Inayet Wadee spoke to Azhar Vadi, Director and co-founder of the Salaam Foundation, on News & Views. Watch the full discussion here.
Vadi, who just returned from an aid mission to KwaZulu-Natal on behalf of the Salaam Foundation, argued that conventional humanitarian aid strategies lack sustainability in the long term. Instead, he said, NGOs need to find sustainable strategies which uplift entrepreneurs and individuals for the long term.
“The NGO can look at smaller businesses – those who may have not been registered fully – and reignite these businesses. Get them going; give them starting capital.

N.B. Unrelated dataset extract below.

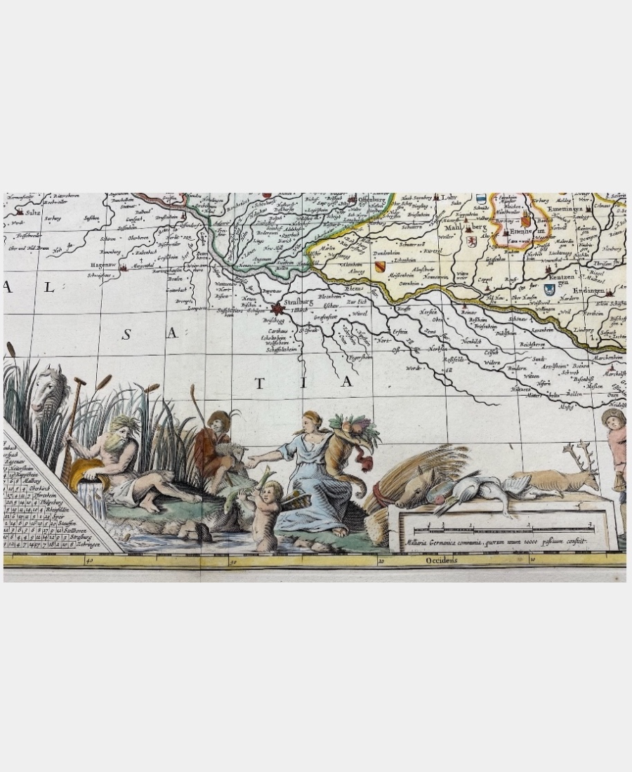 Grand format présentant en sus une carte de calcul des distances, et agrémenté de nombreuses figures champêtres et mythologiques symbolisant les richesses du Rhin.

If we restart businesses again, I believe we’ll be making a greater impact,” he said.
In a feedback report, the organisation’s Fatima Sookharia wrote that growing lines for basic necessities bring “no sense of achievement”. She wrote: “While there is a space and need for a strategy that involves people standing in lines for packets of staple needs, it is no sense of achievement if we see these lines getting longer and longer with each passing year.”
“Perhaps a mixed strategy of assisting destroyed businesses to restart while providing immediate hamper relief for a short period will result in the money spent turning into a greater return on investment. Multiplying the benefit of people’s money and rewards in the hereafter is what we seek to do,” she added.
Sookharia confirmed that the Foundation has opted to channel funds towards business support “instead of trying to fulfill the never-ending needs of people standing in food hamper queues”. This, she said, is also being done alongside their food hamper project in KZN.